- _Description of the task_
Every line below from the one with "王少杰倒地扭了一下腳踝,他重新系鞋帶繼續鏖戰。" through the one with "Woman wearing elegant" is to be repeated exactly, with no picture among them.

- _Supplied information_
-=-=-=-=-
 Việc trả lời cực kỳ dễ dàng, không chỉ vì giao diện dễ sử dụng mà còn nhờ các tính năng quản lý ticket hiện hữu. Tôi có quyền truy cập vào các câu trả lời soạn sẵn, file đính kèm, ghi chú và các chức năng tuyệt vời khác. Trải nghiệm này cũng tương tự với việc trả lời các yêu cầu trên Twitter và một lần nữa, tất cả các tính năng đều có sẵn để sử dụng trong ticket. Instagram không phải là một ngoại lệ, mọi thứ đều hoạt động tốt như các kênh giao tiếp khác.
-=-=-=-=-
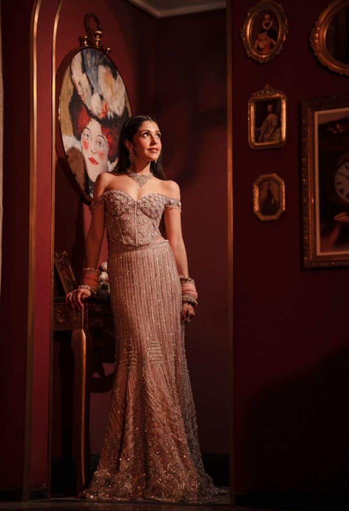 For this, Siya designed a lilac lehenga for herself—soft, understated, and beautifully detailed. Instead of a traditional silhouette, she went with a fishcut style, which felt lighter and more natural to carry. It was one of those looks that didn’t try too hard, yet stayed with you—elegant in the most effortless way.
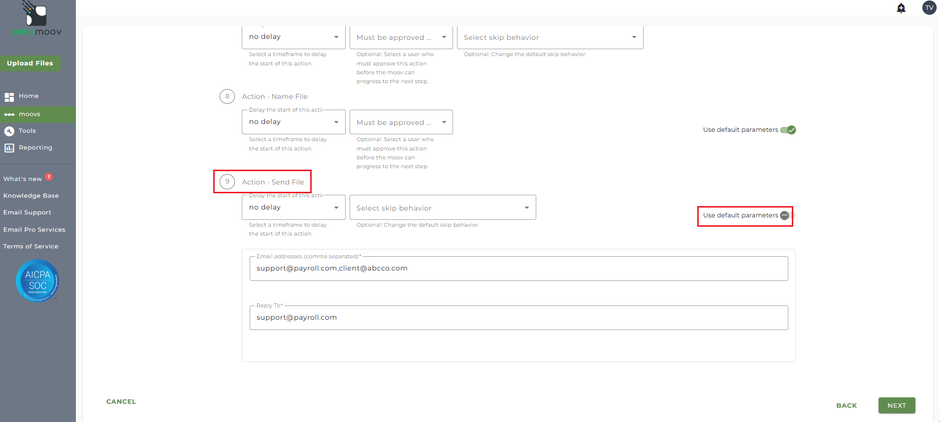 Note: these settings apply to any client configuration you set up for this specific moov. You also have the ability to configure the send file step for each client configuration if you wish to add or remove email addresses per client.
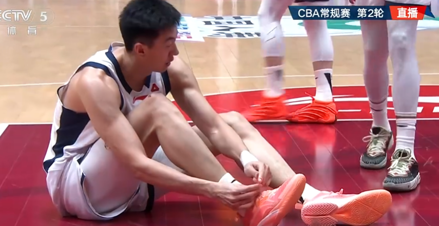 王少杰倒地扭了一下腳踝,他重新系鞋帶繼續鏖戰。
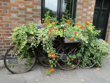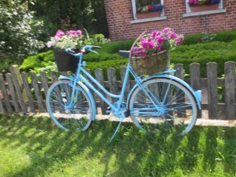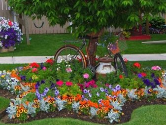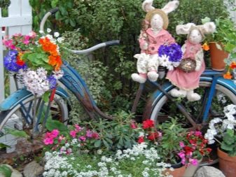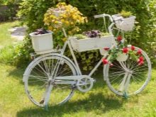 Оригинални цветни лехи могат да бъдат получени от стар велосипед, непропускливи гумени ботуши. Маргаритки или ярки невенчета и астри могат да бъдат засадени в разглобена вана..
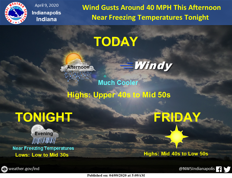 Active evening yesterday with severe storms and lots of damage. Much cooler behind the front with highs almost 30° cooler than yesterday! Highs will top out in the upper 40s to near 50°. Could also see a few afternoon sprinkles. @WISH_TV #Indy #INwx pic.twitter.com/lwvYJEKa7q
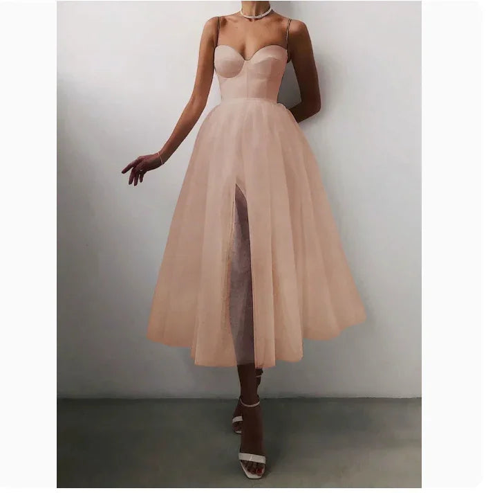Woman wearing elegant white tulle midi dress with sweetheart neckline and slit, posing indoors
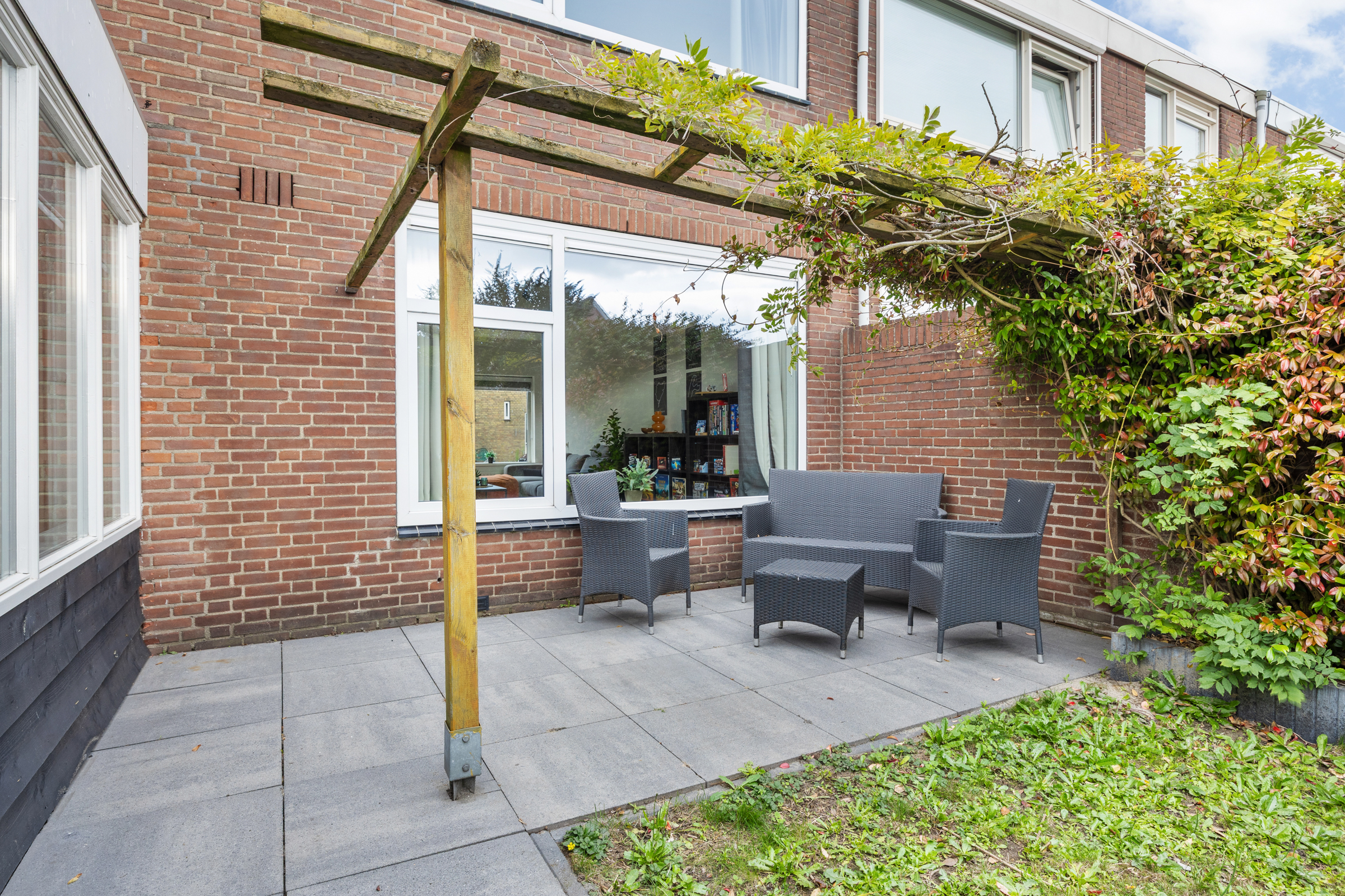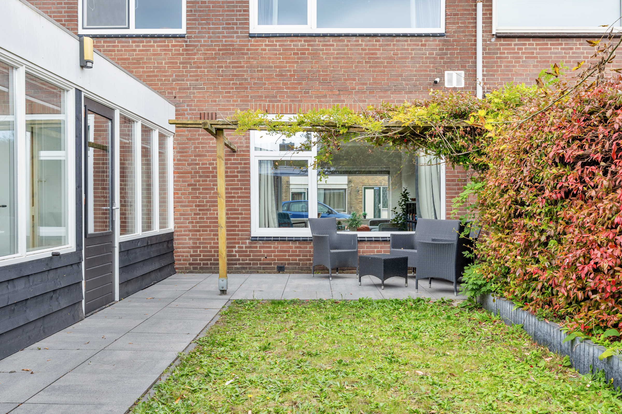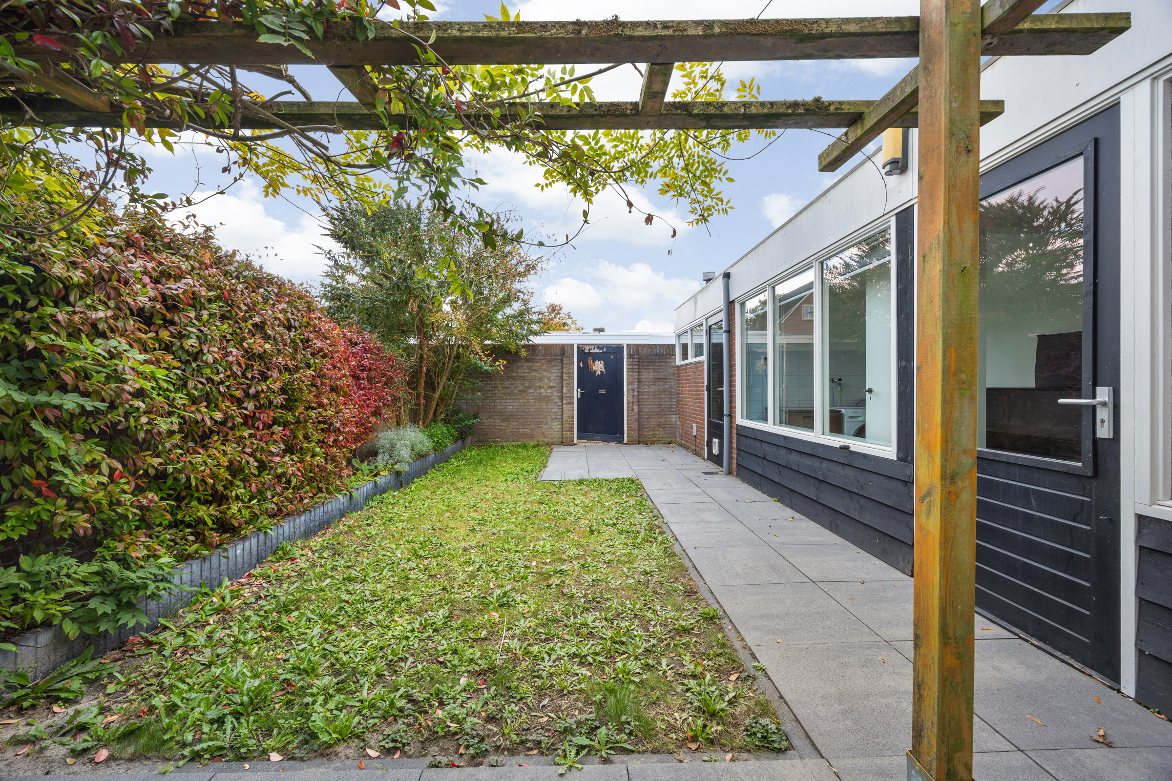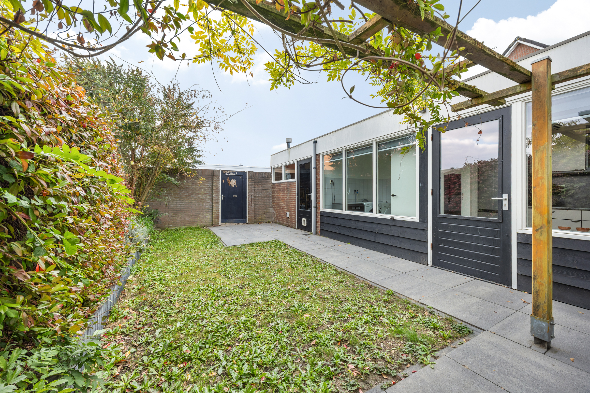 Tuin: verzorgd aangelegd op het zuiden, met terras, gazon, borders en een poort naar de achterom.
-=-=-=-=-
- _Result_
 王少杰倒地扭了一下腳踝,他重新系鞋帶繼續鏖戰。
 Оригинални цветни лехи могат да бъдат получени от стар велосипед, непропускливи гумени ботуши. Маргаритки или ярки невенчета и астри могат да бъдат засадени в разглобена вана..
 Active evening yesterday with severe storms and lots of damage. Much cooler behind the front with highs almost 30° cooler than yesterday! Highs will top out in the upper 40s to near 50°. Could also see a few afternoon sprinkles. @WISH_TV #Indy #INwx pic.twitter.com/lwvYJEKa7q
Woman wearing elegant white tulle midi dress with sweetheart neckline and slit, posing indoors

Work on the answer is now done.